Very often, the results of a car accident in Pomona can be devastating, resulting in death or serious injuries to accident victims. If you have been involved in such an accident, then you may be discovering that in such cases, the amount of compensation offered by an auto insurance provider is not sufficient to cover your injury expenses. In such a scenario, you may be left with little choice but to seek legal against the driver responsible for your accident. Yet if if is revealed that they were not even driving their own vehicle when they hit you, then there may be a strong possibility that they do no have sufficient resources to compensate you.
In such a scenario, could you hold the owner of the vehicle liable? The legal doctrine of negligent entrustment allows you to do just that. Negligent entrustment affords the opportunity to assign liability to the owners of vehicles who loaned them to drivers that then caused injuries or damages. The reasoning behind this legal principle is that the owner likely knew (or should have known) that the driver they entrusted with their vehicle was either reckless or an incompetent behind the wheel.
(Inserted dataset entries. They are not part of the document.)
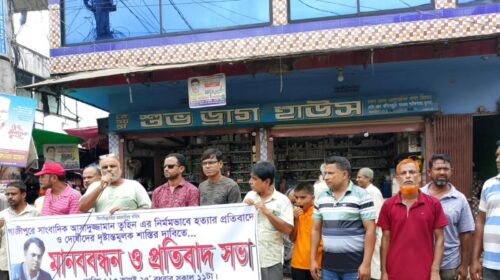 সাংবাদিক তুহিন হত্যার প্রতিবাদে কপিলমুনিতে মানববন্ধন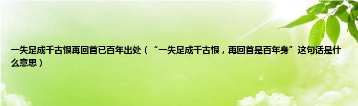 “一失足成千古恨,再回首是百年身。”字面意思为一个人只要做错一件最重要的关键,就会造成不可弥补的遗憾,即使重新来过,许多时机也无法追回。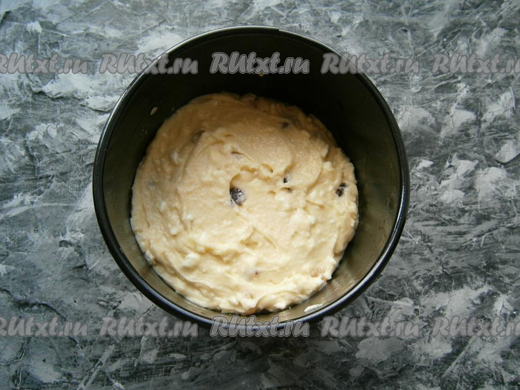 Творожное тесто для кулича ещё раз перемешать ложкой, оно получится густым и плотным.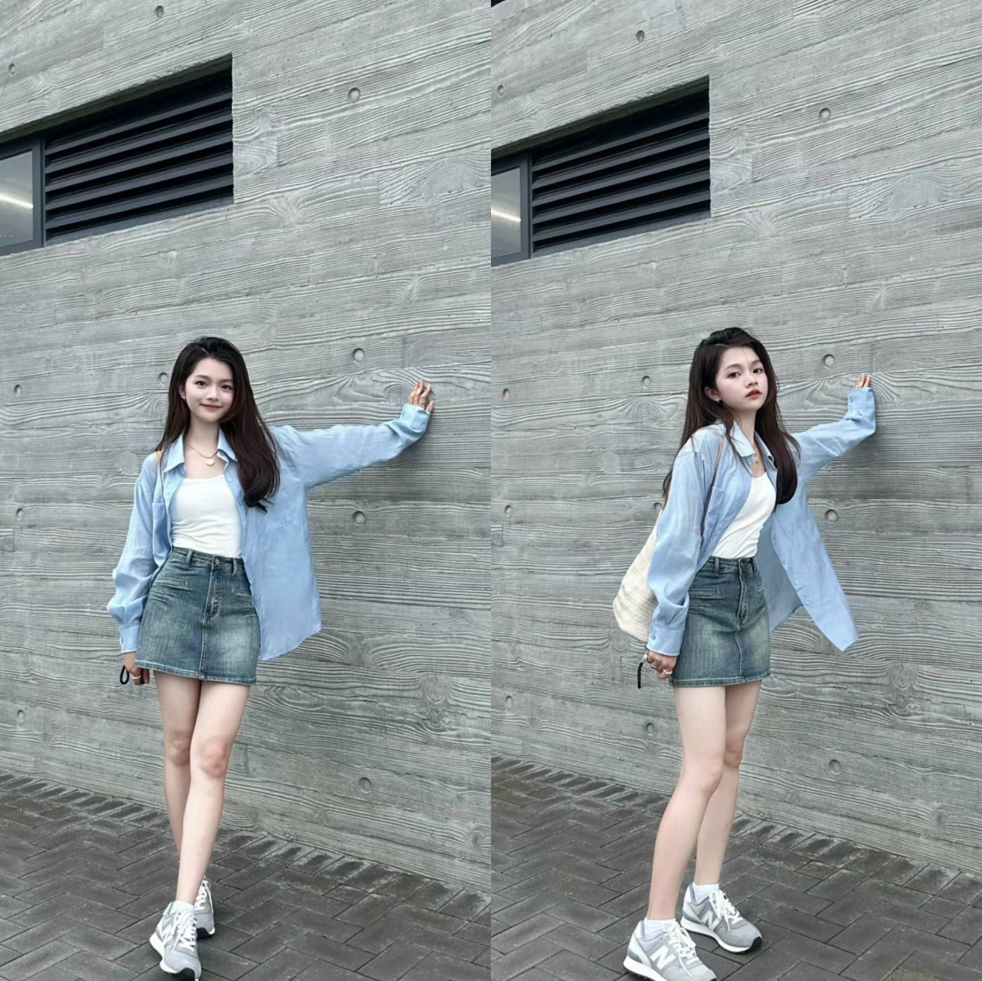 牛仔短裙对小个子也非常友好,将白色内搭下摆塞进裤腰,就能凸显高腰线,让整个人在视觉上显得特别苗条,蓝色衬衫加持,凸显更加完美的身材比例。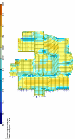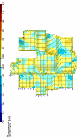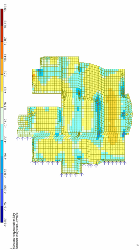 Рисунок А.11 - Усилия Мy в фундаментной плите с учётом пульсации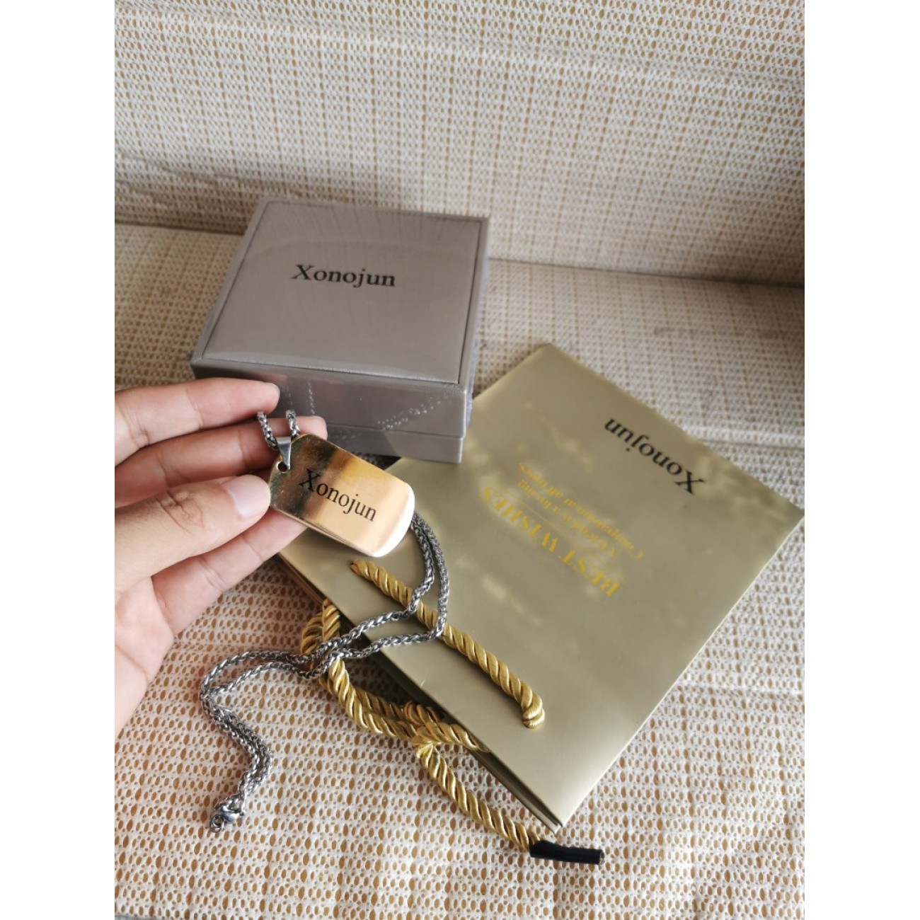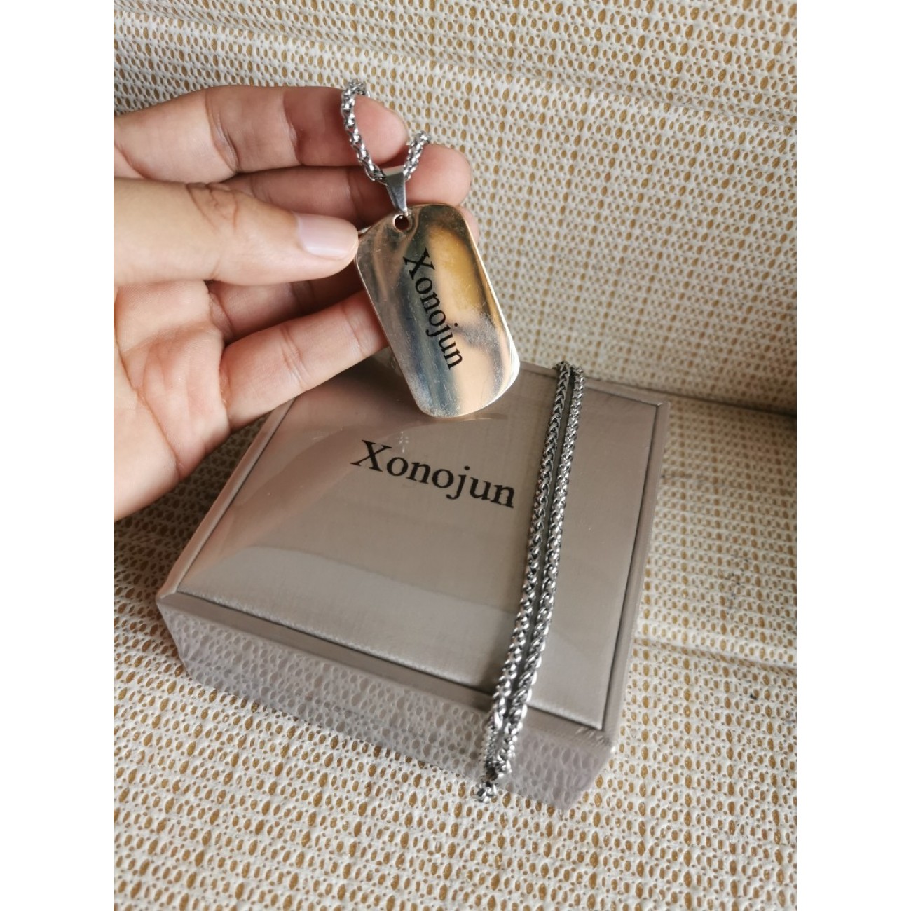 Xonojun Necklace for Men Free Engraving Stainless Steel Dog Tag Pendant Necklace with 24" Chain,Gift for Dad Husband Boy Brother Sister Bestfriend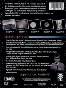 Audio Commentaries by Earl Holliman, Martin Landau, Rod Taylor, Martin Miler, Kevin McCarthy and William Self Vintage Audio Recollections with Burgess Meredith, Douglas Heyes, Richard L. Bare, Buck Houghtonj, Anne Francis and Richard Matheson Rod Serling Audio Lectures from Sherwood Oaks College Isolated Music Scores featuring the legendary Bernard Herrmann, Jerry Goldsmith and more Rod Serling Promos for "Next Week's" Show Rare Rod Sterling Appearances Highlights from the Musuem of Television and Radio Seminar |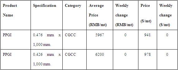 本周中国彩涂板卷价格趋于平稳,市场销售压力依旧,贸易商观望气氛较为浓厚。各主要市场的均价变化情况如下表所示($1=¥6.34):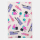 Pink and Purple Make Up Cosmetics Pattern Tea Towel
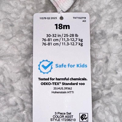 This 3-piece set for infants is Standard 100 by OEKO-TEX, so it's certified clean for your little one.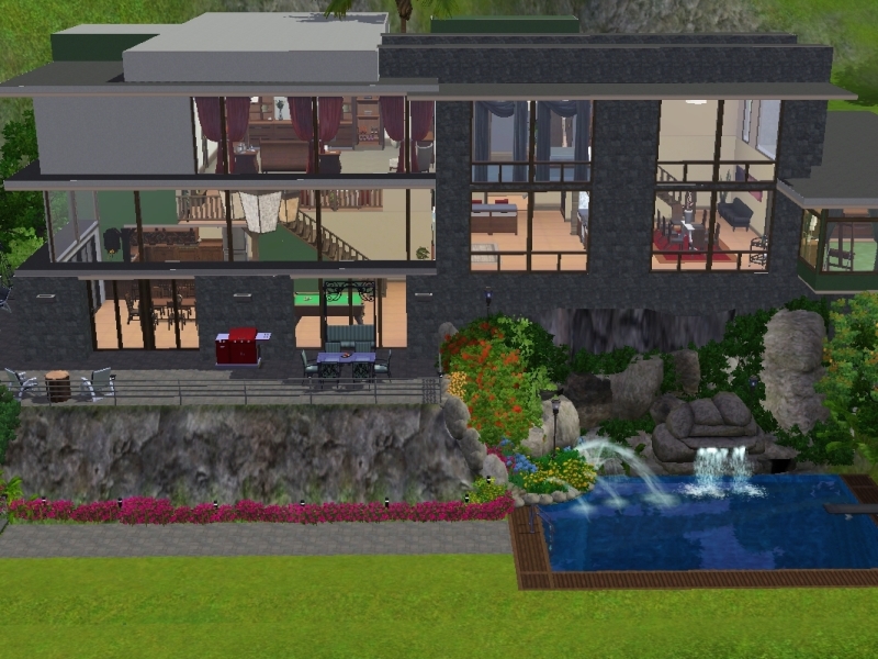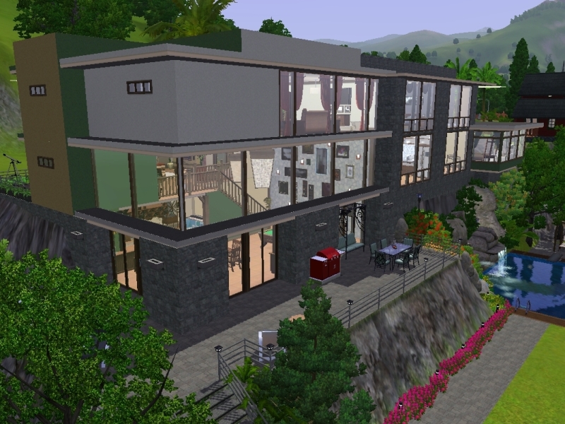 Built on the edge of a hill, this home was not confined to the hills. It is an ideal home for sims social and youth, or for those who prefer the warmth of a house made of wood and stone.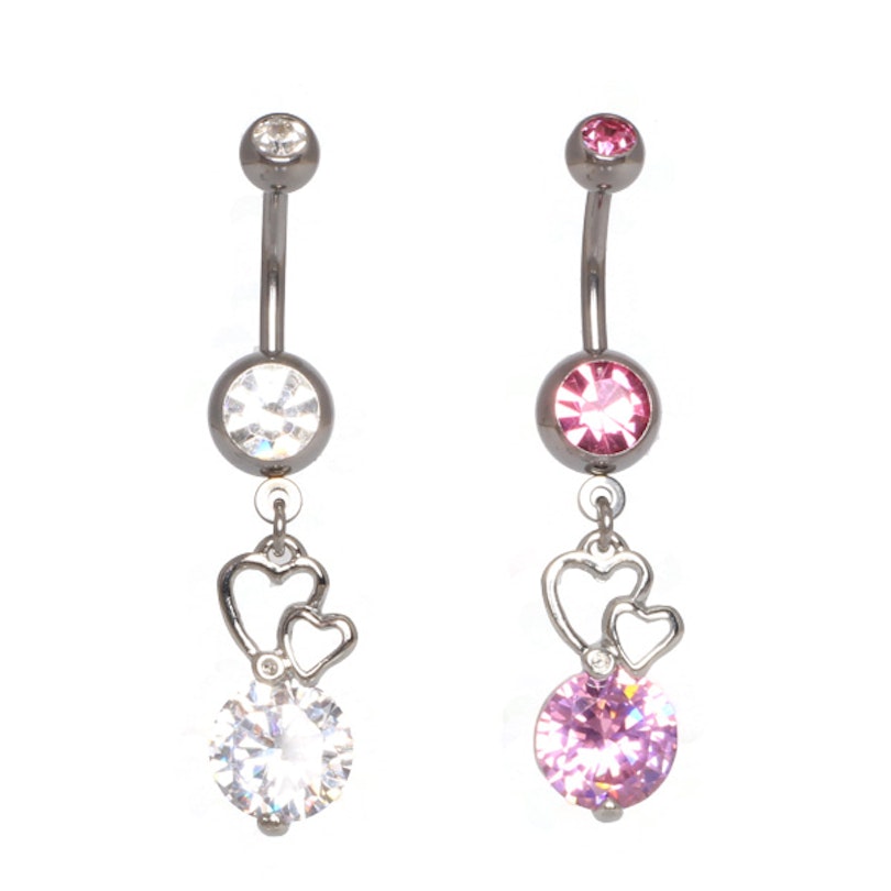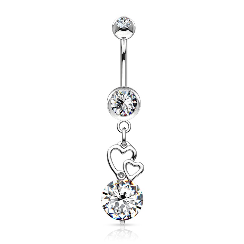Nabas pīrsings ar sirds un liela kristāla piekariņu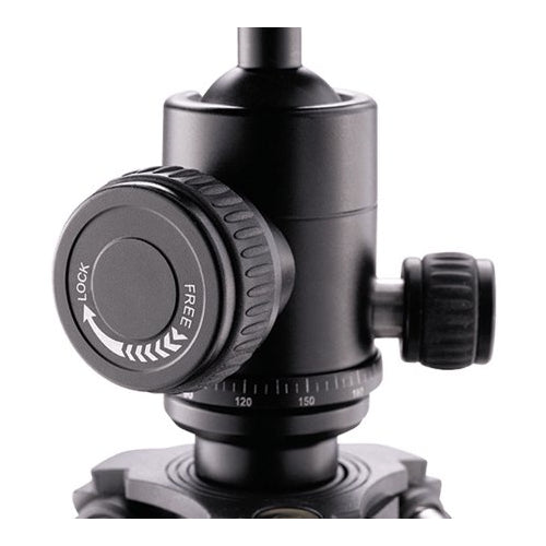 The fully adjustable 360-degree rotating aluminum ball head features a quick-release plate that locks the optic into position as needed. Features marked rotation indicator graduations. It features a quick-release attachment plate.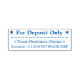 Este respeitável design de carimbo contém a mensagem "Somente para Depósito", além de um nome e número de conta personalizados. Pode ser utilizado por um proprietário de uma pequena empresa, um operador de uma pequena empresa ou um funcionário financeiro para rapidamente acrescentar um endosso restritivo a um cheque.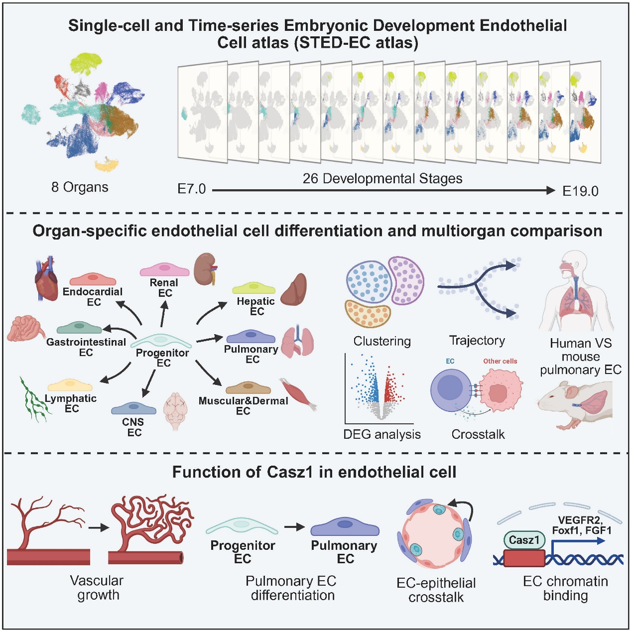 2月17日,中国科学院广州生物医药与健康研究院、华南理工大学、广州国家实验室和西湖大学联合团队在?Cell?发表题为 A single-cell time-series atlas of endothelial cell embryonic development 的研究论文。通过构建小鼠内皮细胞胚胎发育全程的谱系图(http://sted-ec.ccla.ac.cn/),发现血管内皮细胞在小鼠胚胎发育的孕中期,开始分化并逐步建立适配各个器官的内皮细胞。肺血管内皮富集基因Casz1影响肺血管生长、器官特异性分化和肺部的内皮-上皮的细胞互作。

This idea introduces the one challenge to applying negligent entrustment to your case. Per California’s Civil Jury Instructions, you must be able to prove the following if this principle is to apply:
- The driver was reckless in operating the vehicle
- The driver had the vehicle with the owner’s permission
- The owner knew (or should have known) of the driver’s tendencies
- The owner still permitted the driver to use the vehicle
- The driver’s recklessness was a substantial factor in causing you harm
As you can see, proving the owner’s indifference in loaning our their vehicle is key to making a successful argument.